Sequence (A) and its systematic transformations and corresponding translations (B–F). B) A ↔ C systematic nucleotide exchange of sequence in A; C) assuming systematic codon expansion by silent mononucleotides; D) assuming systematic mononucleotide deletion after each trinucleotide (translation identical to that in C); E) assuming systematic codon expansion by silent dinucleotides; F) assuming systematic dinucleotide deletion after each trinucleotide (translation identical to that in E). RNAs and peptides corresponding to these alternative transcriptions and translations have been previously described for human mitochondria [22], [23]. For swinger transformations, A ↔ C is only one among 23 possibilities, nine symmetric of type X ↔ Y, and 14 asymmetric, of type X → Y → Z → X. Systematic deletions of mono- and dinucleotides after each trinucleotide are annotated as delRNA3–1 and delRNA3–2. Systematic deletions can start at the 5′ extremity of a sequence, which is indicated by delRNA3–1.0 and delRNA3–2.0, deletion frames can be shifted by 0–2 and 0–3 nucleotides for delRNA3–1 and delRNA3–2, respectively, which can be indicated by corresponding indices.

However, MS/MS matching between observed and predicted mass spectra is biased. Hence the unconventional natures of non-canonical transcriptions and translations presumably producing these peptides require careful evaluation of proteomic analyses. Below I review the different types of non-canonical transcriptions and translations, and relevant previous results. Previous conclusions about non-canonical peptides are then re-evaluated according to analyses that account for overfitting that could have affected the previously used proteomic search algorithm [22], [23]. These new analyses strengthen previous conclusions on non-canonical mitochondrial transcriptions and translations.

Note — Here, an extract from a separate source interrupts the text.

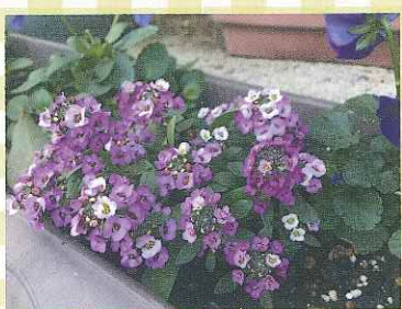
米子市公会堂 寒さに負けず大きく育てほしいです。

Non-Canonical Transcriptions: RNA–DNA Differences

Transcription is not always perfectly accurate, but in some cases, RNA–DNA differences (RDDs) are not random and are systematically detected at some specific positions, either in the form of nucleotide substitutions [24], also observed on mitochondrion-encoded RNAs [25], [26], [27]) or deletions [28]. These punctual differences between transcript and DNA occur shortly after transcripts exit the RNA polymerase, suggesting posttranscriptional RNA editing [29]. These single nucleotide modifications produce non-canonical transcripts. In other types of non-canonical RNAs, modifications occur systematically for all nucleotides for the complete (or almost complete) RNA. Two types of systematic transformations occur: (a) systematic deletions of mono- and dinucleotides after each trinucleotide, producing delRNAs in human mitochondria [22]; and 23 types of systematic exchanges between nucleotides (nine symmetric exchanges, type X ↔ Y, e.g. A ↔ C; and fourteen asymmetric exchanges, type X → Y → Z → X, e.g. A → C → G → A, [30], [31], [32], [33]), producing swinger RNAs. Swinger- and delRNAs are probably not due to RNA edition, unlike the punctual RDDs. This is because transformations frequently occur systematically on sequences longer than 100 nucleotides. They seem produced by the same RNA polymerase as regular RNA, presumably after the RNA polymerase stabilizes in a hypothetical mode similar to that causing punctual nucleotide misinsertions [32], [33], [34]. This is also indicated by contiguity between regular and swinger sequences in the few detected chimeric RNAs, DNAs and peptides that consist of regular and swinger sequences [35], [36].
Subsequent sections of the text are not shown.